İlk olarak sanıklar Hüseyin Ateş ve Ersin Başkan'a söz verildi. Ersin Başkan, gönderilerinin tepki amaçlı olduğunu öne sürerek beraatini istedi. Hüseyin Ateş de Karabağ ile ilgili izlediği videolar yüzünden sarsıldığını, ne yaptığını bilmediğini, internette açıklamalara rastladığını, Hrant Dink Vakfı'nı bilgilendirmek için vakfı aradığını, telefonu kimsenin açmadığını, bunun üzerine mail yazdığını öne sürdü. Hüseyin Ateş psikiyatrik ilaç kullandığını da ifade etti. İki sanık da tahliyelerine istediler.
Müşteki Fethiye Çetin'in avukatı Ümre Deniz Tuna Dink, sanık Hüseyin Ateş'e internette hangi açıklamaları gördüğünü, Fethiye Çetin'in resmini nereden edindiğini sordu. Sanık Ateş İnstagram'da rastladığını öne sürdü.
Müşteki avukatlarından Hakan Bakırcıoğlu sanıklar arasında bir bağlantı olup olmadığını dair soruşturmanın dosyaya girip girmediğini sordu. Hakim ise konuya ilgili soruşturmanın ayrı bir dosya olarak halen sürdüğünü söyledi.
Bakırcıoğlu Hrant Dink Cinayeti öncesinde de benzer tehditler geldiğini, bir atmosfer oluşturulduğunu belirterek sanıklardan şikayetçi olduklarını ifade etti. Diğer müşteki avukatları da sanıklardan şikayetçi olduklarını beyan ettiler. Bakırcıoğlu sanıklar arasında bağlantı olup olmadığına dair savcılıktan gelecek bilgiler doğrultusunda yeni beyanlarda bulunabileceklerini söyledi. Avukat Deniz Tuna Dink de bir avukata tehdit yöneltildiğini hatırlatarak avukatlara tehdidin yasa gereği hakime tehdit olarak sayılması gerektiğini söyledi ve "Bununla ilgili ek beyanda bulunacağız" dedi.
Sanıklardan Hüseyin Ateş cezaevinde Hrant Dink Vakfı'nın güzel işler yaptığını öğrendiğini, özür dilemeye hazır olduğunu, ayrıca Fethiye Çetin'e de özür mektupları yazdığını söyledi.
Mahkeme müşteki avukatlarının katılımına, sanıkların ise tutuksuz yargılanmak üzere tahliyesine karar verdi. Mahkeme bir tehdit davası olduğundan dosyanın uzlaştırmaya gönderilmesine de karar verdi.
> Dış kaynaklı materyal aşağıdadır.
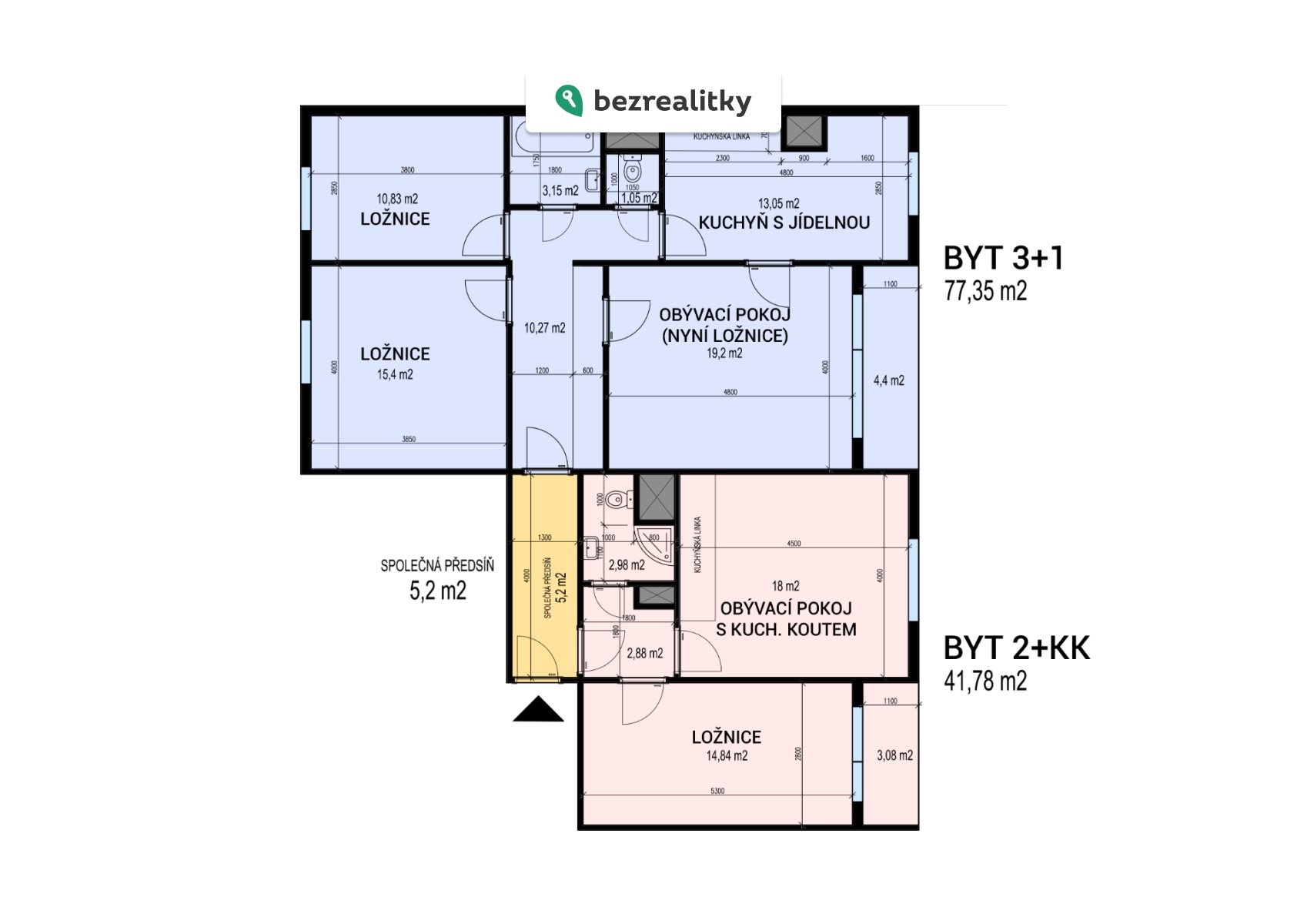 První bytová jednotka o dispozici 3+1 s plochou 77,35 m² nabízí prostorné a funkčně řešené bydlení s třemi pokoji, samostatnou kuchyní, koupelnou, odděleným WC a lodžií. Druhá bytová jednotka o dispozici 2+kk s plochou 41,78 m² je kompaktní, plně využitelná a zahrnuje obytný prostor s kuchyňským koutem, samostatný pokoj, koupelnu s WC a vlastní lodžii. Obě jednotky jsou přístupné přes společné zádveří, které zajišťuje jejich praktické oddělení. K bytové jednotce dále náleží sklepní kóje o velikosti cca 3,5 m² umístěná v 1. podzemním podlaží domu.

Sanıkların ruh sağlığının yerinde olup olmadığını tespiti için Adli Tıp Kurumu’na yazı yazılmasına hükmeden hakim duruşmayı 24 Şubat saat 14.30'a erteledi.
Tutuklu şüpheli Hüseyin Ateş'in 27-28 Mayıs'ta Hrant Dink Vakfı’na yönelik gönderdiği 2 e-posta ile Instagram paylaşımına yaptığı yorumda tehdit mesajlarının yer aldığı belirtilen iddianamede, diğer tutuklu şüpheli Ersin Başkan'ın da 30 Mayıs'ta Hrant Dink Vakfı’na yönelik e-posta yoluyla tehdit mesajları gönderdiği ifade edilmişti.
İddianamede, şüpheli Hüseyin Ateş hakkında 3 kere olmak üzere zincirleme halinde "tehdit" suçundan 7 yıl 6 aydan 26 yıl 3 aya kadar, diğer şüpheli Ersin Başkan hakkında da yine zincirleme halinde "tehdit" suçundan 2 yıl 6 aydan 8 yıl 9 aya kadar hapis cezası istenmişti.
Ersin Başkan hakkında ayrıca sosyal medya hesabından Cumhurbaşkanı'na, Ermeniler'e ve MİT Başkanı Hakan Fidan'a yönelik hakaret içeren paylaşımları nedeniyle de soruşturma yapıldı. Savcılık, şüpheli Başkan hakkında üç ayrı suçtan 8 yıla kadar hapis istemiyle iddianame düzenledi.
11 Eylül'de başlayan dava sanıkların avukatı olmaması üzerine 21 Eylül'e ertelenmişti.